- THE INPUT -
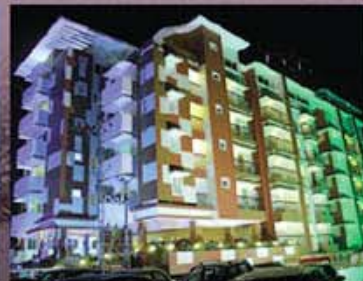
MON PARADIS - KALAMASSERY
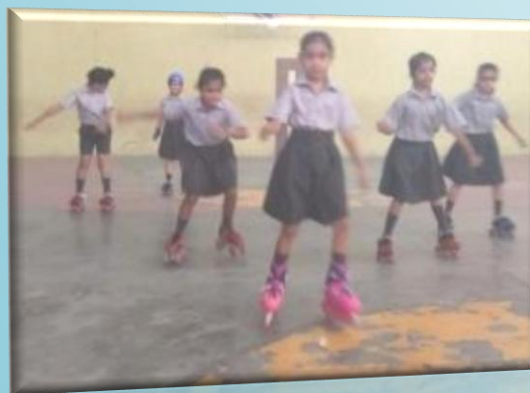
Catch Me If You Can
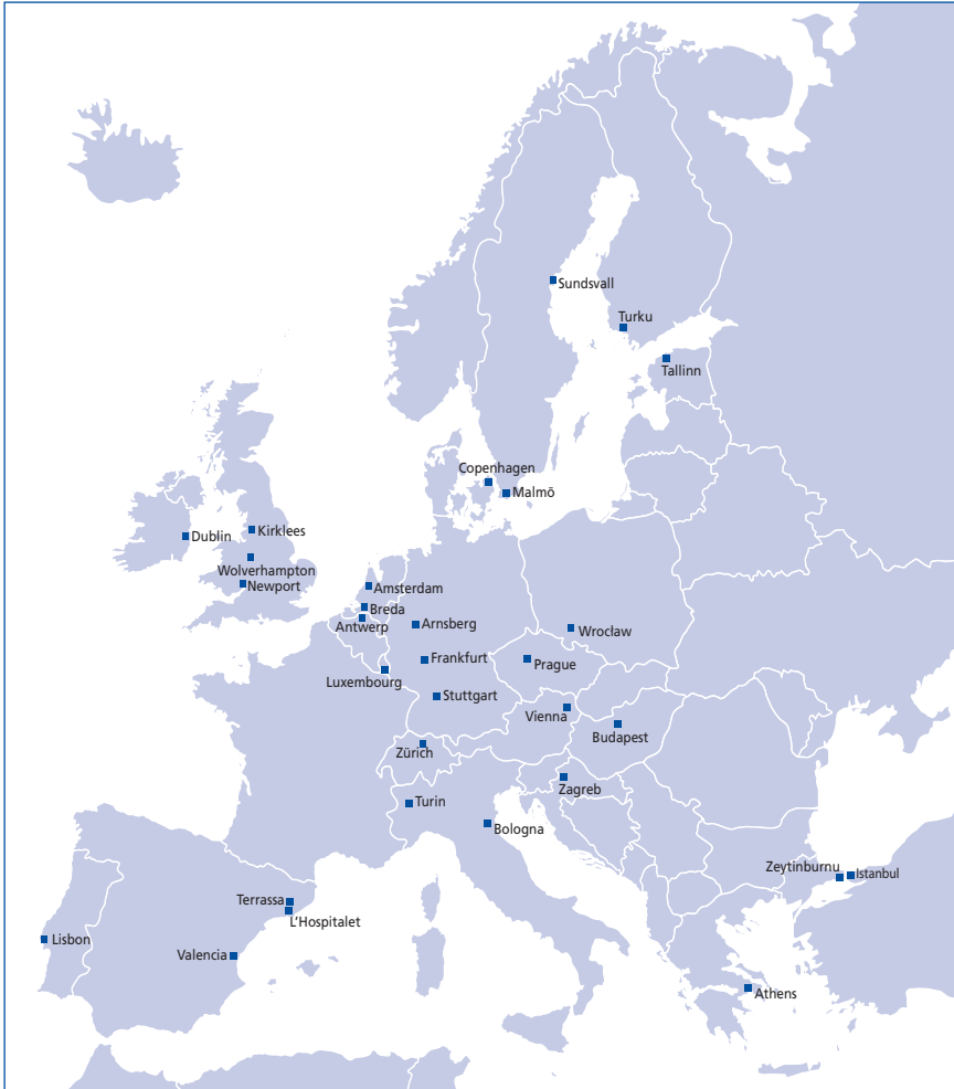
Figure 1: CLIP cities covered in this report
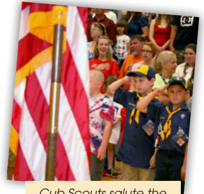
Cub Scouts salute the flag and recite the Pledge of Allegiance
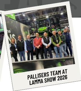
PALLISERS TEAM AT LAMMAS SHOW 2026

This year, we celebrate 20 years since we took on the Deutz-Fahr franchise in 2006. Since then, we have grown the brand in the Hereford area, selling over XX tractors since we began. We always have a range of NEW and USED Deutz-Fahr tractors in stock, and our team has many years of expertise to help customers find the right model for their farming outfit.

- TASK DESCRIPTION -
A verbatim reproduction of each entry is expected, with every picture omitted.

- ANSWER BOX -
MON PARADIS - KALAMASSERY
Catch Me If You Can
Figure 1: CLIP cities covered in this report
Cub Scouts salute the flag and recite the Pledge of Allegiance
PALLISERS TEAM AT LAMMAS SHOW 2026

This year, we celebrate 20 years since we took on the Deutz-Fahr franchise in 2006. Since then, we have grown the brand in the Hereford area, selling over XX tractors since we began. We always have a range of NEW and USED Deutz-Fahr tractors in stock, and our team has many years of expertise to help customers find the right model for their farming outfit.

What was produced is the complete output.